Justice Kagan Calls It Obamacare, but RBG Does Care About Public Opinion

September 13th, 2015

During a Q&A at Boston College, Justice Kagan referred to the ACA as “Obamacare.” I should know this for sure, but I think this is the first time a Justice actually referred to the law as Obamacare. Famously–or is it infamously–Justice Scalia referred to the law as “SCOTUScare” in King v. Burwell, but I can’t recall anyone calling it Obamacare.

Her broader remarks are of far more interest:

“We don’t stare at polls. We don’t say, ‘Do people like gay marriage or do they not like gay marriage? Do people like Obama­care or do they not like Obama­care,’ ” Kagan said yesterday during a question-and-answer at Boston College. “I think the nine of us would think that is utterly irrelevant to what we do.”

Kagan, formerly the dean of Harvard Law School, said “sometimes the majority of Americans want X, but sometimes the Constitution demands Y, and it’s too bad.”

Justice Ginsburg gives a very different impression. In an interview with Bloomberg in February–four months before the Court decided Obergefell–the Notorious RBG specifically noted that public perception on same-sex marriage has changed, and as a result, there would not be a “large adjustment” to the Court’s imminent decision.

The 81-year-old justice discussed the public’s increasing acceptance of gays against the backdrop of resistance by Alabama officials to a federal court order that took effect Monday and made it the 37th gay-marriage state. With the high court set to rule on the issue by June, she said it “would not take a large adjustment” for Americans should the justices say that gay marriage is a constitutional right.
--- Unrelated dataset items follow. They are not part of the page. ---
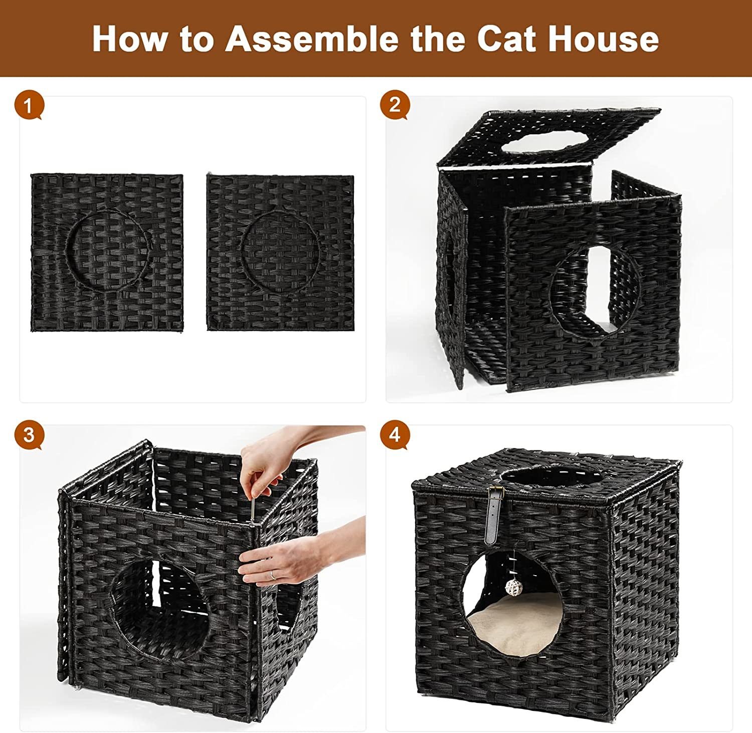 [Easy to Assemble & Clean] This hand-woven wicker cat bed adopts detachable design for easy cleaning. With simple assembly instructions; it can be set up in 10 minutes. It can also be disassembled to store when not in use to save space.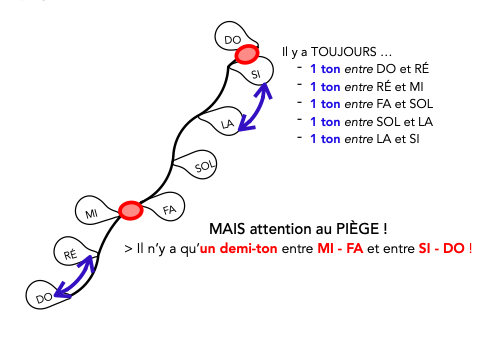 quand je dis « do – ré – mi – fa – sol – la – si – do », c’est un exemple (parmi tant d’autres) de gamme Majeure PARCE QUE cette suite de notes compose une suite de distances caractéristiques : 1 ton (entre do et ré) – 1 ton (entre ré et mi) – 1/2 ton (entre mi et fa) – 1 ton (entre fa et sol) – 1 ton (entre sol et la) – 1 ton (entre la et si) – 1/2 ton (entre si et do)*.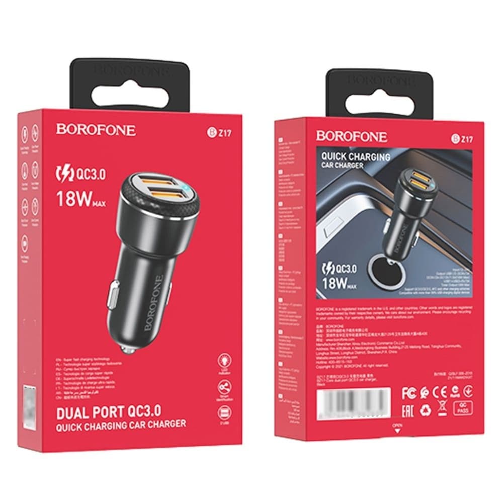Купить Автомобильний зарядний пристрій Borofone BZ17, 2 USB, Quick Charge 3.0, чорний | зарядка, зарядное устройство можно и в нашем офисе, платить за доставку при этом не нужно.
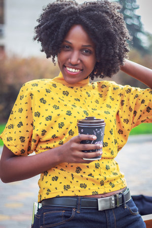 beautiful african american girl with takeaway coffee cup in hands on yellow background
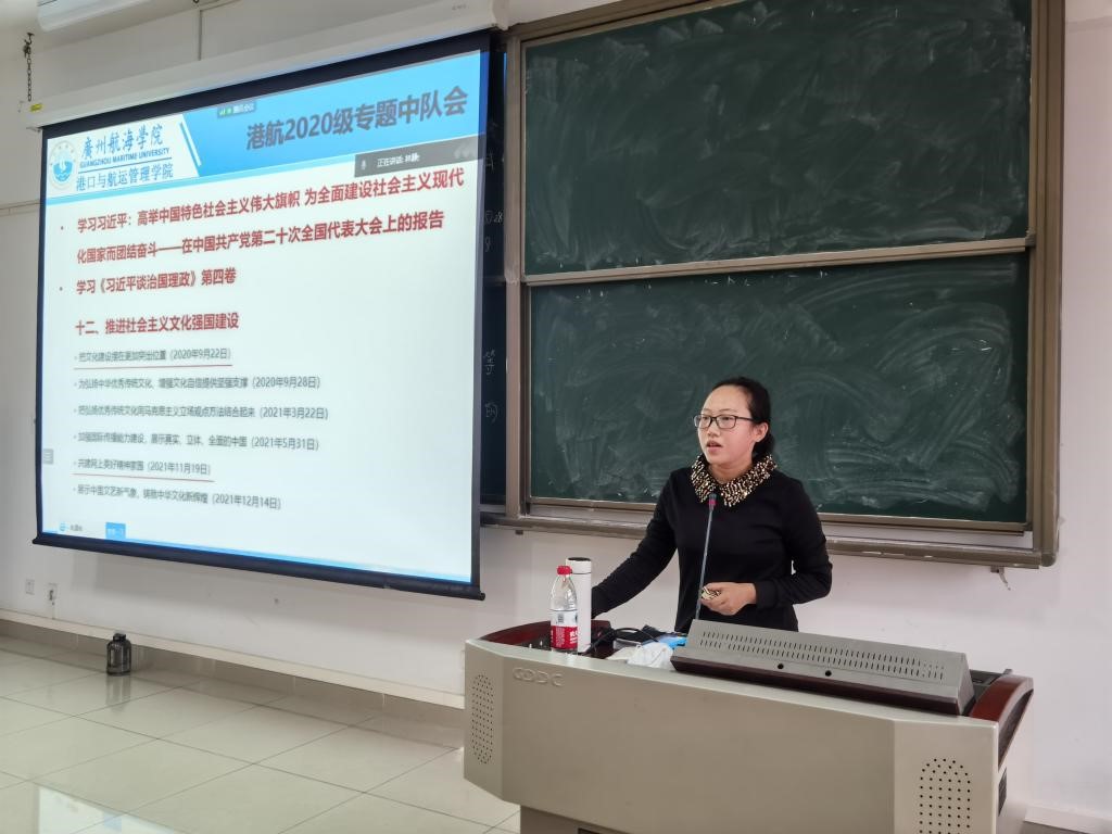 (港航学院 供稿)为深入贯彻党的二十大精神,动员同学们将思想和行动统一到党的二十大精神上来,港口与航运管理学院2020级中队于2022年11月8日在线上线下同时组织学生学习党的二十大精神专题会议。本次会议由辅导员林静老师主讲,参会人员为全体2020级同学,共228名。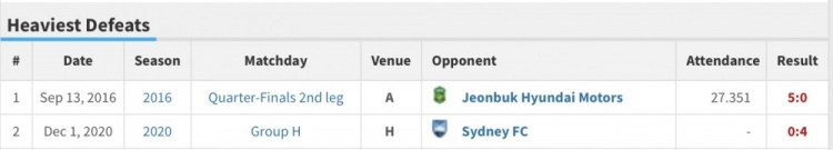 另外,海港隊(duì)史上還有另外一次0-4的失利。當(dāng)時(shí)是在2020年12月1日,海港在亞冠小組賽0-4不敵悉尼FC,不過當(dāng)時(shí)海港已經(jīng)提前兩輪出線。
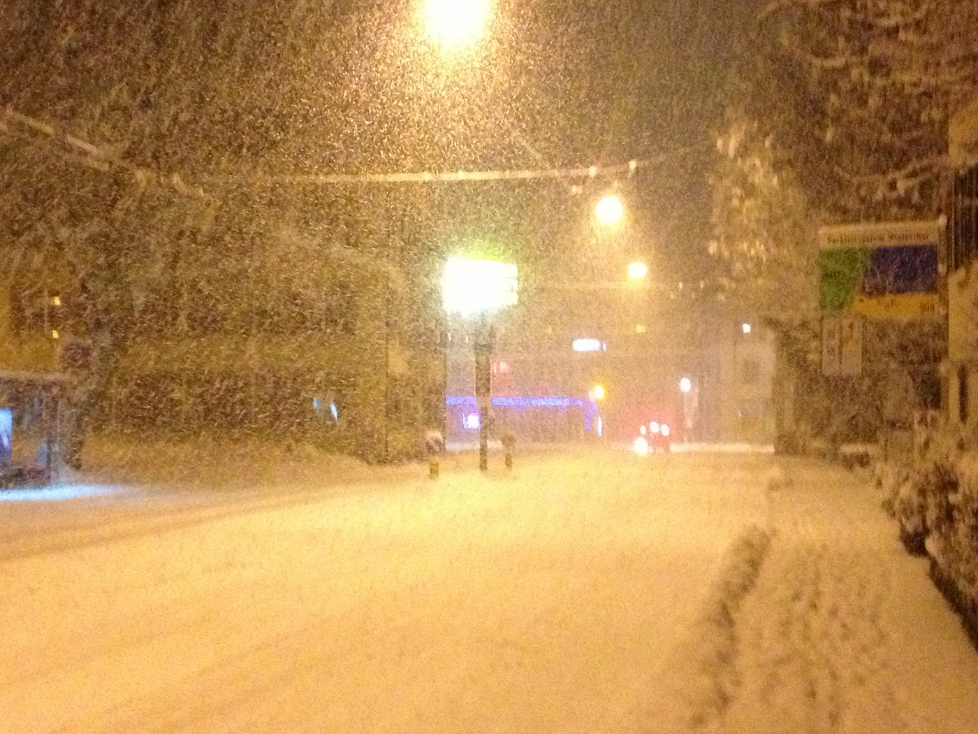 Neuschnee letzter Schauer ca 1cm, alles wieder weiss. Aktueller Schauer bisher erneut 1cm, immerhin 2cm liegen somit im Moment, auch die Strassen sind weiss.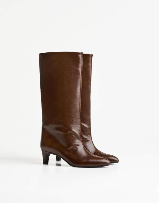 Bershka – Stiefel in Braun mit weitem Schaft und hohem Absatz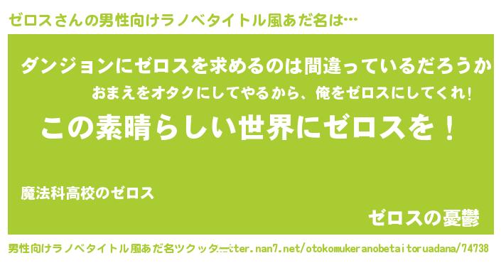 | 意味不明あだ名 | 『住所不定無職ゼロス(41歳)』『自称ゼロス』 |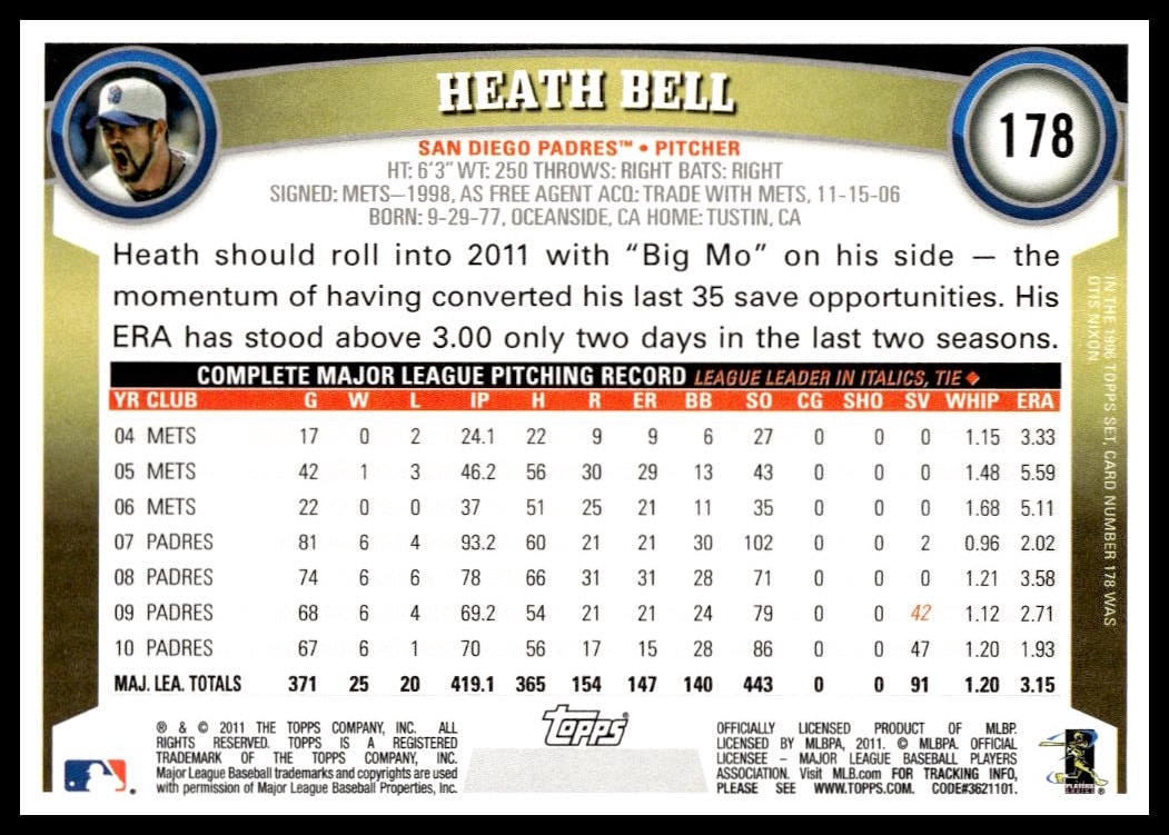 This Baseball card, from 2011 is part of the Topps  card set. Heath Bell is featured and has a card number of 178.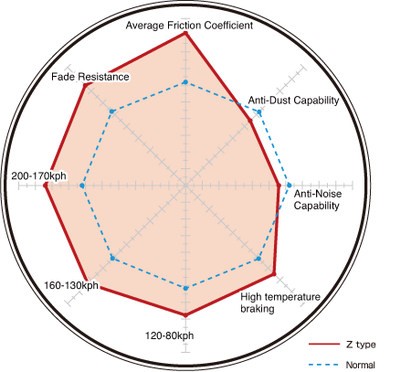 The development concept of the Z-type brake pad is a high performance brake pad for street-use. For the testing, cars like Subaru Impreza WRX, Mitsubishi Lancer EVO, BMW M3, and Porsche Cayman S were used with high performance radial tires. The pads went through extended road trials on the street followed by rigorous testing on the race circuit.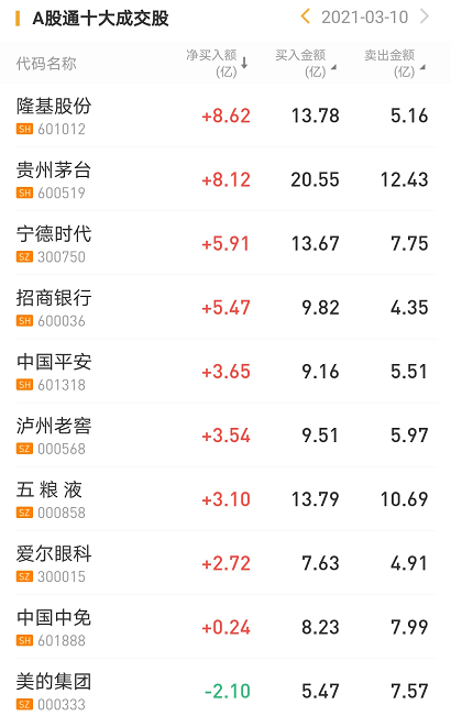 北上资金今日净买入隆基股份8.62亿元,为今日买入之最。此外,北上资金今日净买入贵州茅台8.12亿元。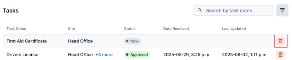 - In the Tasks list, select the task for deletion by selecting the relevant trashcan icon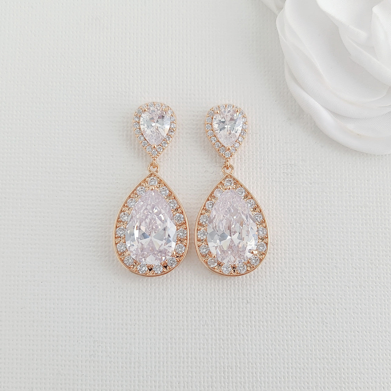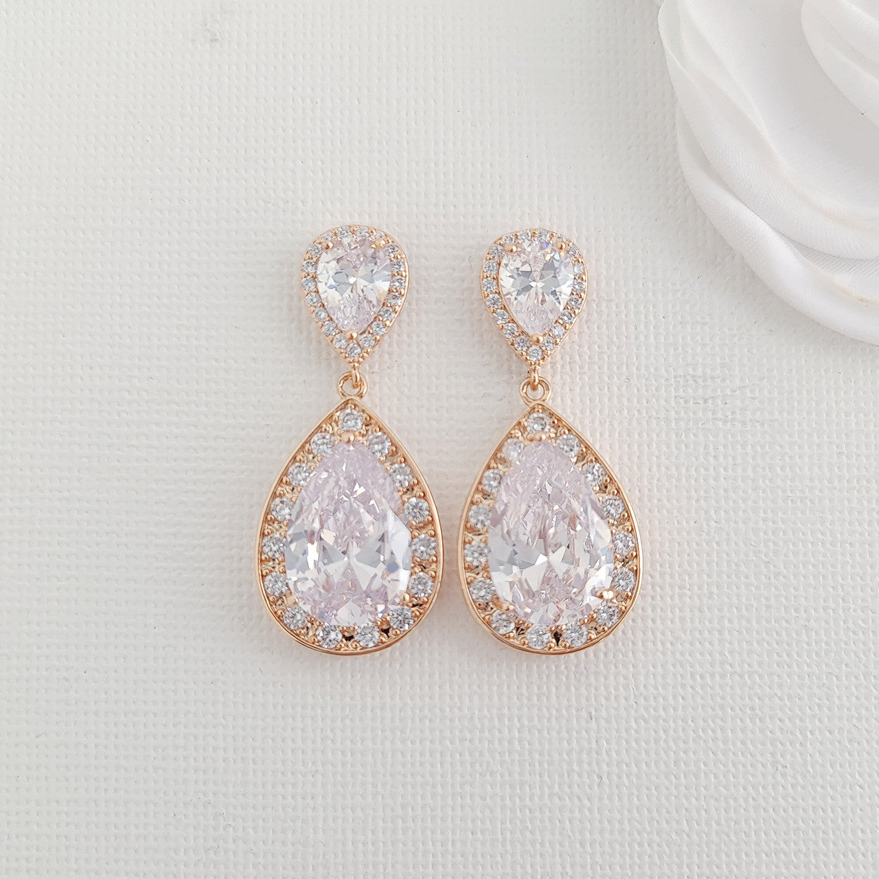 Rose Gold Bridal Earrings for Classic Brides and Bridesmaids Look.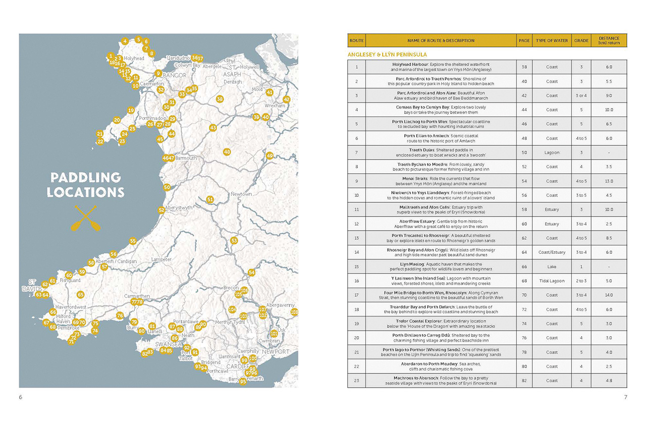 This new publication is in the same format as the previous book and has a great weight and feel to it in your hands – being a ‘paper’ book lover, this is so important to me. Inside, it is set out similarly, with contents and a numbered map with a corresponding information table for each route – this includes the route and description, type of water, grade and distance of paddle. It is easy to decide where and what type of paddle you want, especially if you are beginning your sup journey and can clearly differentiate between easy and more challenging paddles.
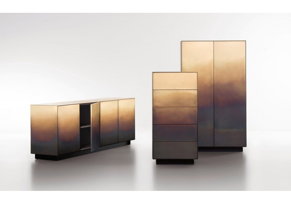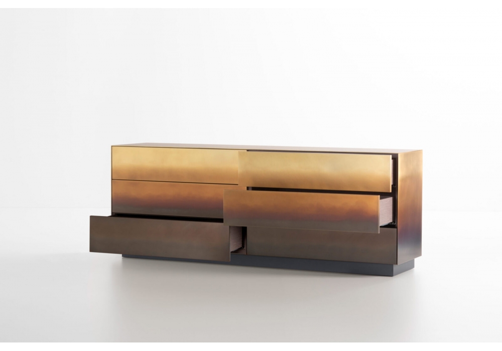 Marea designed by Zanellato / Bortotto for DeCastelli is a chest of drawers covered in metal and internal structure in titanium oak. Doors and drawers with push-pull opening. Available in different finishes and dimensions.

“The change in people’s attitudes on that issue has been enormous,” Ginsburg said. “In recent years, people have said, ‘This is the way I am.’ And others looked around, and we discovered it’s our next-door neighbor — we’re very fond of them. Or it’s our child’s best friend, or even our child. I think that as more and more people came out and said that ‘this is who I am,’ the rest of us recognized that they are one of us.”


Contrast this with Ginsburg’s statements in 2013, when Hollingsworth v. Perry was before the Court, where spoke often of Roe v. Wade, which she argued moved too quickly ahead of public opinion on abortion:

“That was my concern, that the court had given opponents of access to abortion a target to aim at relentlessly,” she told a crowd of students. “… My criticism of Roe is that it seemed to have stopped the momentum that was on the side of change.”

The parallels to the same-sex marriage debate were obvious.

I hope Kagan doesn’t look at public opinion, but RBG certainly does.